月経前症候群(PMS)とは何か?

月経前症候群(PMS)とは何か?

生理痛は実は、生理時にのみ起こるものではありません。それが、PMSです。PMSは、「月経前緊張症」や「月経前症候群」とも呼ばれています。月経前に当たる高温期、およそ3~10日の黄体期と呼ばれている期間において、様々な精神的・身体的な症状が発現することを言います。生理になると、徐々にその症状が消失していくとされています。具体的には、苛々、のぼせ、下腹部の張り、下腹部の痛み、腰痛、頭重感、怒りっぽい、頭痛、乳房の痛み、落ち着かない、憂鬱などになり、人によって症状は異なります。昔は、40歳から更年期にかけての人に多く認められると考えていましたが、女性のライフスタイルの変化に伴って、前述した症状を訴える年齢層が徐々に広がっていったのです。

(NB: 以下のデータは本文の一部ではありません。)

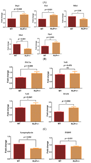 (A) Effect of Rlip deficiency on expression of genes that regulate mitochondrial dynamics. qRT-PCR was performed by previously described methods on mouse brain homogenates from five wildtype (WT) and five Rlip+/− mice. Levels of transcripts encoding mitochondrial dynamics proteins were measured in the cerebral cortex of WT and Rlip+/− animals. Gene expression levels were normalized to the beta-actin transcript and calculated as described in Materials and Methods. Asterisks denote statistically significant differences between WT and Rlip+/− groups of animals, compared using a Student’s t-test. (B). Effect of Rlip deficiency on expression of genes that regulate mitochondrial biogenesis. qRT-PCR was performed by previously described methods on mouse brain homogenates from 5 WT and 5 Rlip+/− mice. Levels of transcripts encoding mitochondrial biogenesis proteins were measured in the cerebral cortex of WT and Rlip+/− animals. (C) Effect of Rlip deficiency on expression of synaptic genes. qRT-PCR was performed by previously described methods on mouse brain homogenates from 5 WT and 5 Rlip+/− mice. Levels of transcripts encoding synaptic proteins were measured in the cerebral cortex of WT and Rlip+/− animals. * indicates p < 0.05, ** indicates p < 0.01, *** indicates p < 0.001, and ns indicates not significant.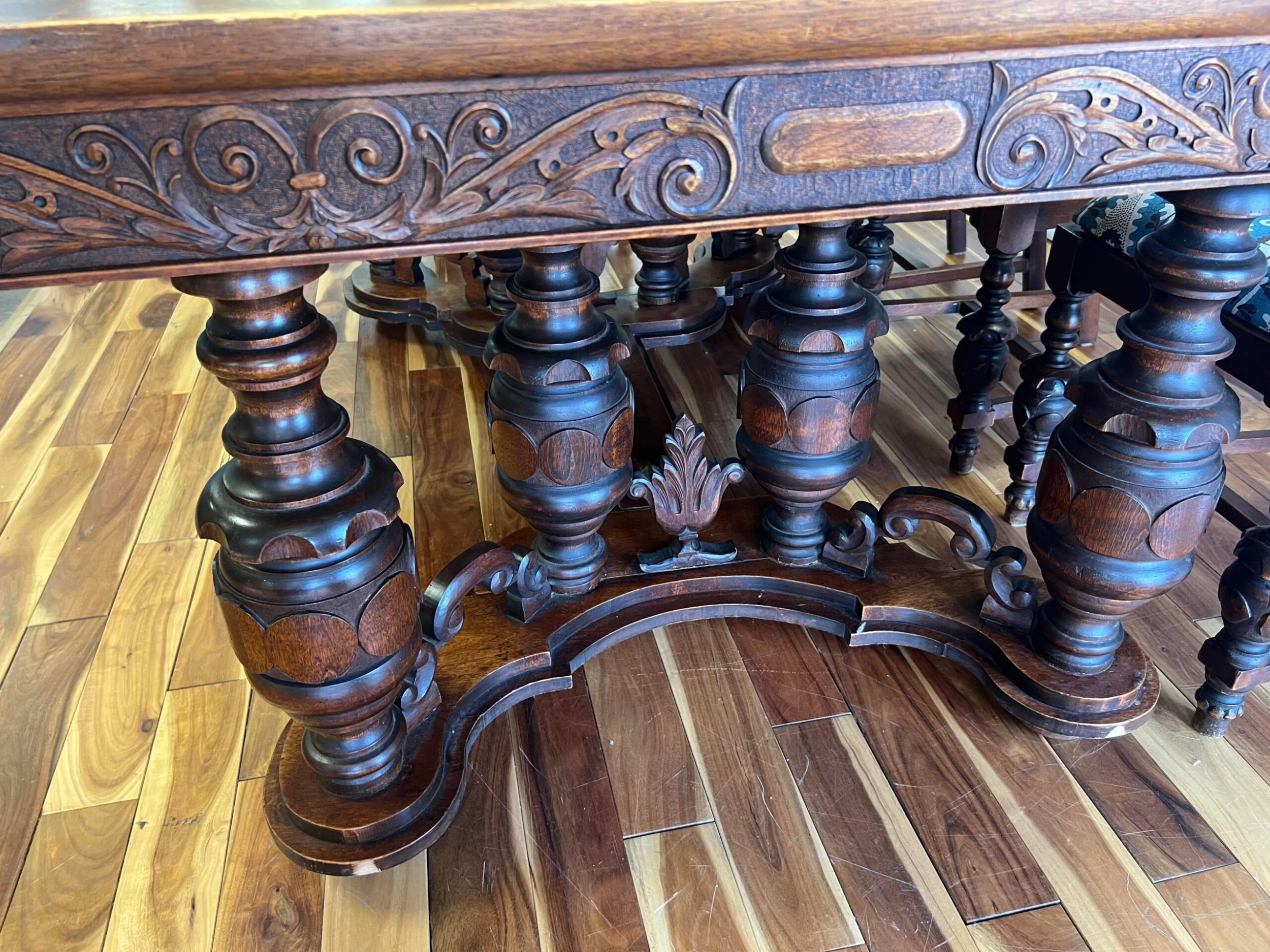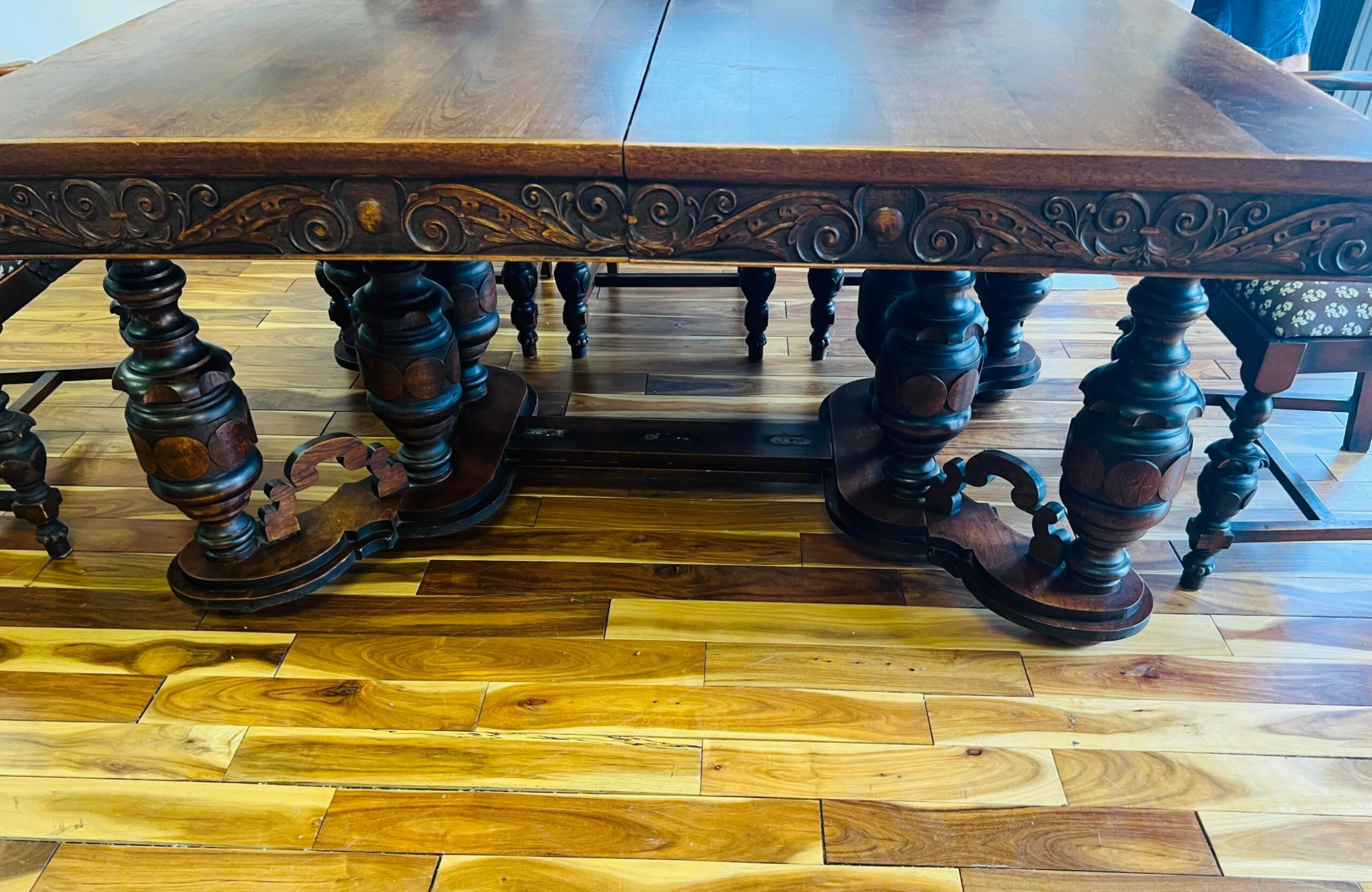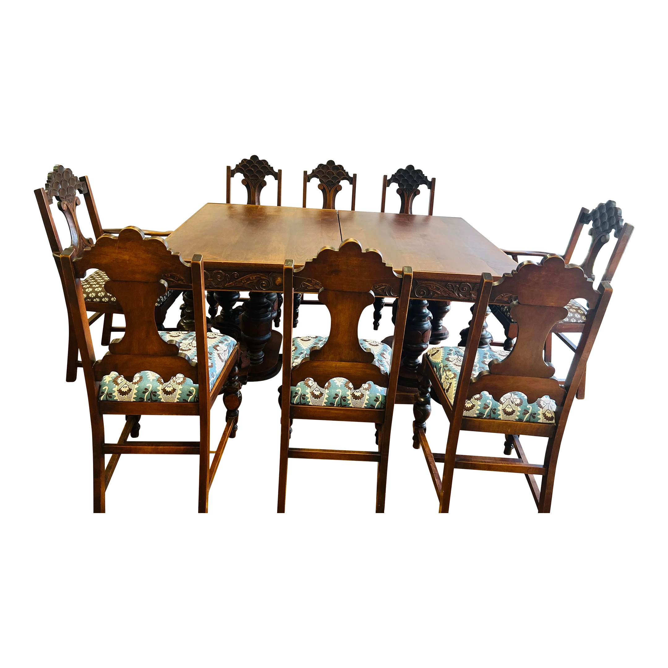 Stunning antique hand carved wood 9 piece dining room set that consists of an expandable dining room table and 8 …

月経前緊張症と同じくして、月経に関係する病気に当たる月経困難症と比べると、精神的な症状や乳房に現れる症状が多いことが特徴です。原因は実は、現在までに明確になっていません。卵胞ホルモンと黄体ホルモンのバランスの崩れという説や、精神的な葛藤によって起きるという説、社会的不安の説などが挙げられています。